Trading results might be difficult to predict. Sometimes, your analyses might be wrong. If the technical data indicated a bearish trend and you went short because of this, this doesn’t mean the situation won’t change. If the value unexpectedly goes up when you are in a short position, the short squeeze happens. If you answer the question “how does a short squeeze work”, you’ll be able to benefit from this sudden fluctuation.
Under what circumstances, you can predict the short squeeze? How can one use it to gain profits? Does it last long? These are the main questions we are going to answer in this guide.
Explaining the circumstances
A short squeeze is an event that often happens in the stock market. The first aspect that might cause a sudden growth of the share value is the positive performance of the company. What’s important is that this performance should beat all the expectations. These aren’t frequent occasions but, indeed, they might follow big geopolitical events and unexpectedly positive revenue reports.
One more reason that might lead to this is a sudden deal between a small unsuccessful company and a big international corporation. Why do investors consider stocks of small companies, which are bought by bigger ones, more attractive? This is prosaic – they expect that successful management will change the newly bought public organization and that this will cause stock value growth. Thus, after such agreements are announced, traders might start actively buying an asset causing a short squeeze.
Although this event is more common in the stock market, the prices of other assets might suffer sudden upwards movements as well, making people willing to buy. In foreign exchange, a short squeeze can be caused by announcements of financial institutions that issue currencies. That is why it is so important to follow the news.
There is no single pattern for all short squeezes occurring in the markets. It heavily depends on the product and the actions of traders. The liquidity of the trading instrument is also an important factor that must be taken into account.
In general, an average short squeeze doesn’t last longer than several days. This term is enough for the majority of traders to evaluate the performance of a security and take further steps. As a rule, after an event is over, the cost doesn’t surge but, instead, starts bearish fluctuations. The major reason is that any short squeeze indicates that the product can be volatile in the future. This is not the feature that attracts traders. That’s why they start selling.
A good trader can earn from literally everything that occurs in financial markets. A short squeeze is not an exception. Although it’s not as easy to use a short squeeze to gain earnings, it’s possible and might be quite beneficial. We cannot provide you with a list of ultimate tips that will help you create a well-defined strategy for making money from a short squeeze. This event indicates extreme volatility, so no one can guarantee you that you will make money even if follow the steps below:
1) Identify shorted securities
Take a closer look at the market and try to find specific assets that are shorted. Find the most shorted securities, this will help to make more. Also, you need to know the reason why the majority of traders go short on this security.
2) Consider the catalysts
At this stage, you must know that this event occurs under specific circumstances – it always has a trigger. Find out whether there are catalysts that can trigger a short squeeze for your asset. These occasions often happen after better-than-expected revenue reports.

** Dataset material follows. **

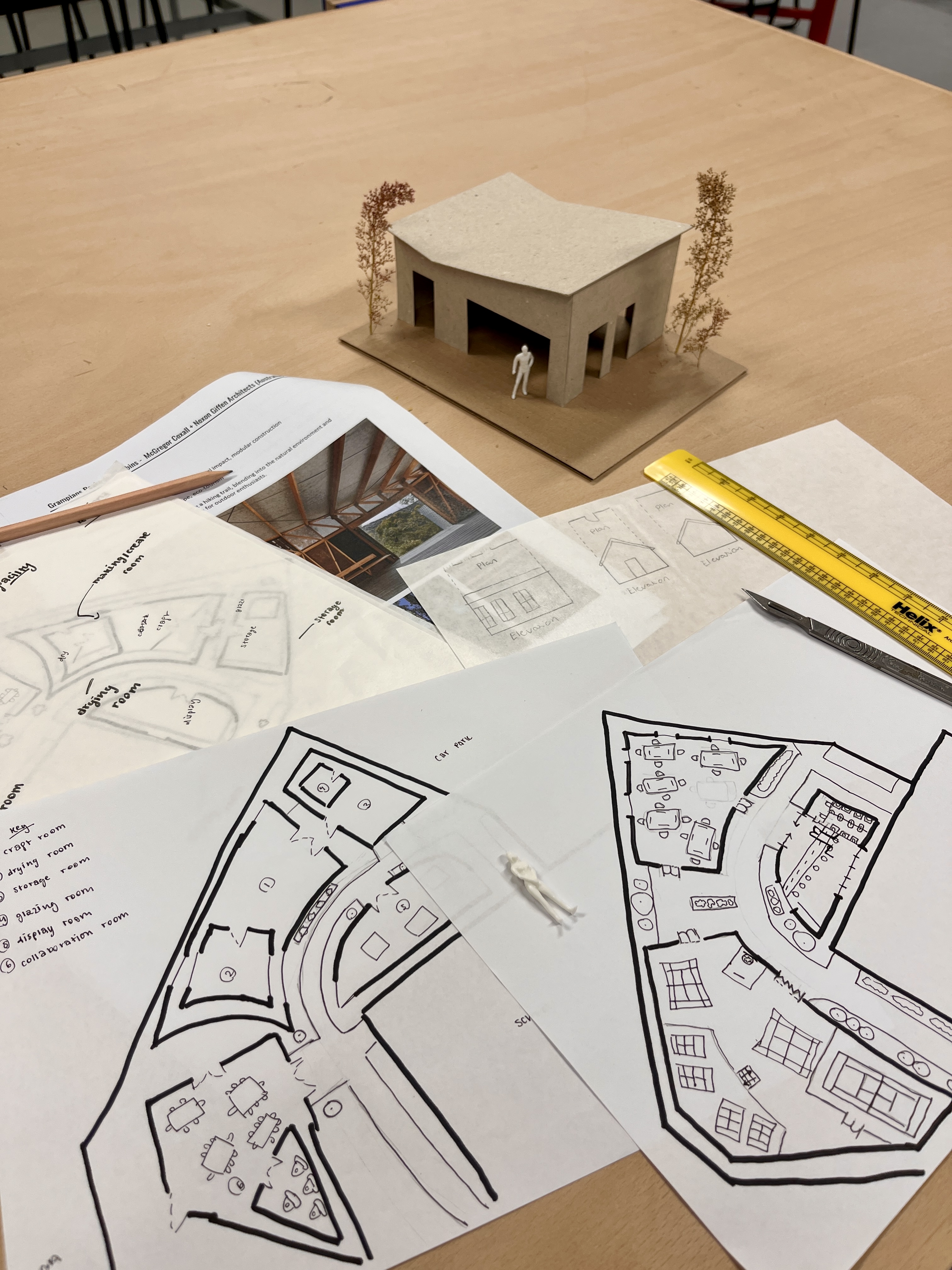 Year 8 have been working on an architecture project, designing an outdoor classroom for Chilmington Green School to support a new subject offering, based around their own interests and hobbies. After conducting a site visit and site analysis, they have created floor plans and presented initial ideas to their peers. This term, they will learn how to draw measured building elevations and construct models, culminating in a final presentation to their class.

If you found such events that may work as catalysts for your asset price surge, take some time to study them and compare the expected results with the previous performance or the results of the biggest competitors.
3) Don’t be too hesitant
When your research is over, you should see whether the detected triggers can lead to something serious. If your study shows that a short squeeze is very likely to happen, don’t be too hesitant. This risk might be worth it for you, so don’t be afraid of it if the potential loss won’t be too considerable for your budget.
4) Track the Squeeze
Track the squeeze and you will increase your potential gains. Short squeezes might be followed by other important triggers as well.
That’s it for now. We hope that this guide will learn you how to identify short squeezes and use them to your advantage. Anyway, keep in mind that not all trading risks are rewarded. Manage your finances wisely and don’t fall for too big risks. Good luck!